Instruction set encoding is the binary representation of instructions (e.g. addition, loads, stores) that the CPU executes. The main difference between x86 and modern RISC architectures is that the former uses variable-length encoding and latter architectures (e.g. ARM and PowerPC) use fixed-length encoding. That is, on x86, an instruction can be anywhere from 1 to 15 bytes in length whereas on ARM each instruction is exactly 16 bits or 32 bits depending in which mode the CPU is.

Looking at Chapter 2 ("Instruction Format") of Intel manual Volume 2A, we can see a figure of the instruction format that looks roughly like this:



What's interesting about this format is that it's identical all the way from 8086 to x86-64 with the exception of SIB byte and REX prefix that we'll go in more detail later.

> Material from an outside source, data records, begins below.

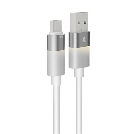 Töltőkábel, USB-A - USB-C, 18W, 1 m, AVAX "CB312 Glowy", fehér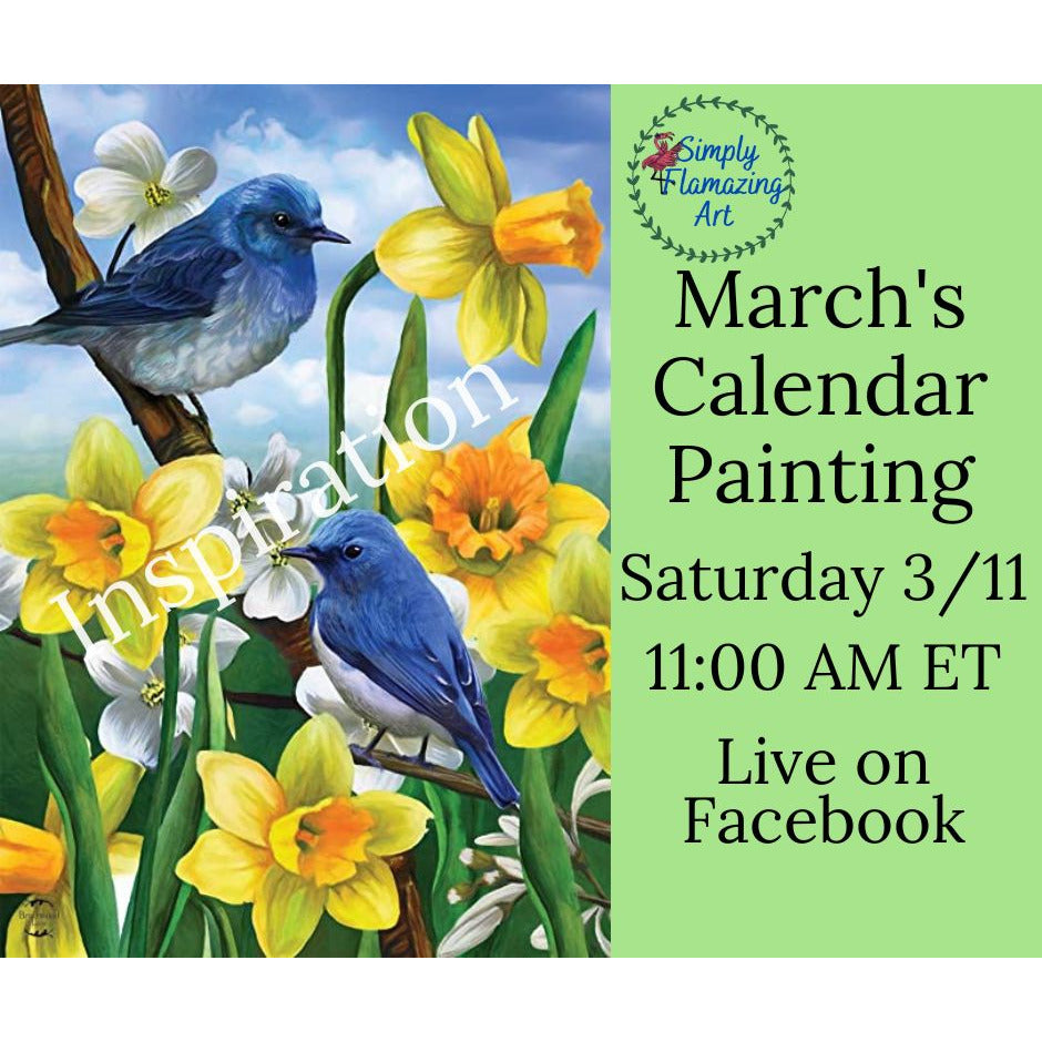 BlueBirds and Daffodils March Calendar Painting E Pattern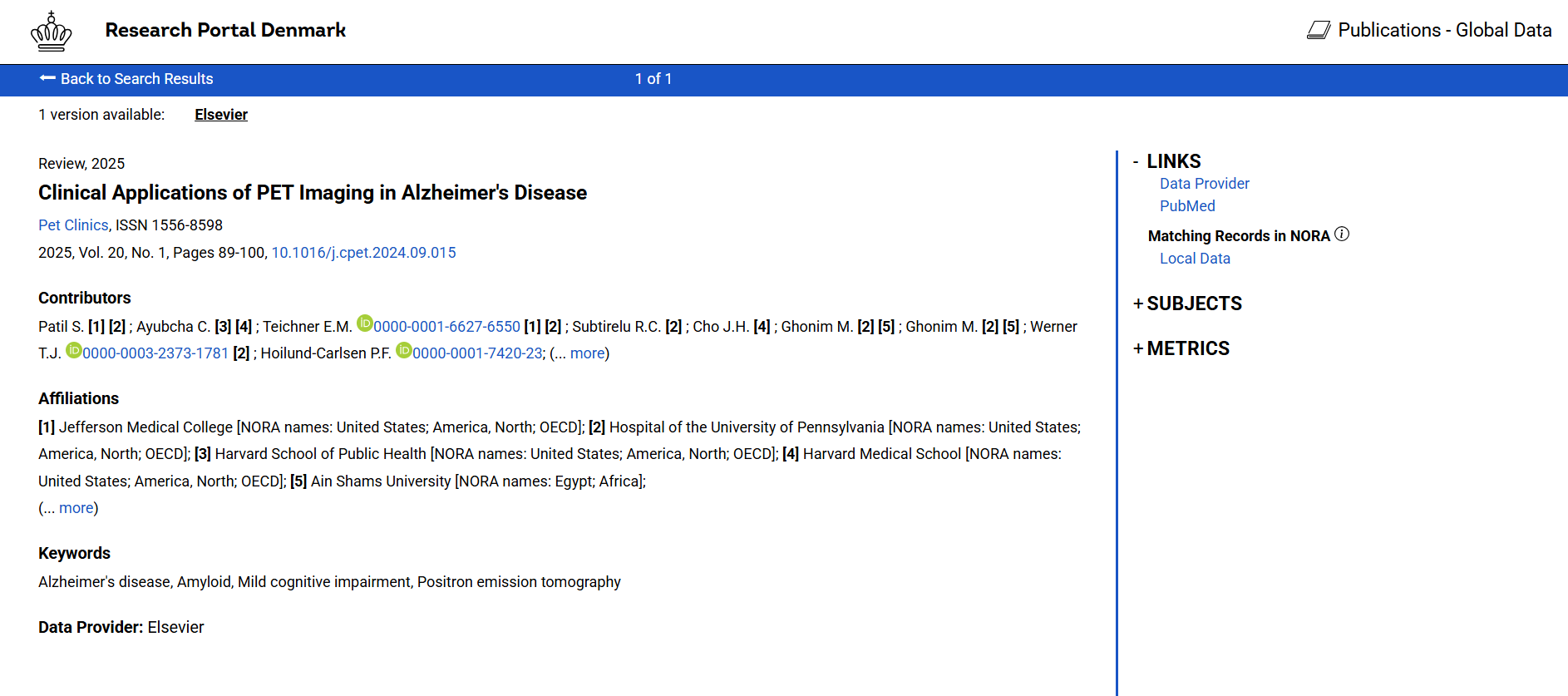 Publikationsdata i den Globale Database, er baseret på data fra den globale kommercielle dataleverandør Elsevier. Hvis data slettes her, vil det også blive reflekteret i Den Globale Database. Slettede poster fjernes to gange årligt i forbindelse med en fuld opdatering af genstandsfeltet fra den globale kilde.

Intel, AMD, and other vendors have added more instructions but the above encoding has survived over the years. Pretty neat, huh? Much of the apparent complexity comes from the early days when engineers tried to squeeze instructions into as small space as possible.

The most important part of the format is the opcode. It is 1 to 3 bytes in length with an optional 3-bit opcode extension in the ModR/M byte. An opcode (operation code) specifies the operation to be performed. For example, the ret instruction that is used to return from a procedure is encoded as a single byte 0xc3 (near return) or 0xcb ("far return").

Most instructions have one or more operands that they operate on. Instructions that have register operands encode the source and target register either implicitly in the opcode or in the ModR/M byte. Instructions that refer to an operand in memory also use the ModR/M byte and optionally the SIB byte to specify the addressing mode of the operand. Chapter 2 ("Instruction Format") of the Intel manuals specify the different Mod and R/M bitmasks for different source and target combinations.

Following the ModR/M and SIB bytes, an instruction has optional address displacement and immediate data bytes. The address displacement is used as an offset on top of a base register (e.g. [EAX]+displacement) and together with the ModR/M byte and SIB byte, they represent the different x86 addressing modes. Immediate data is used for constant operands and relative branch target.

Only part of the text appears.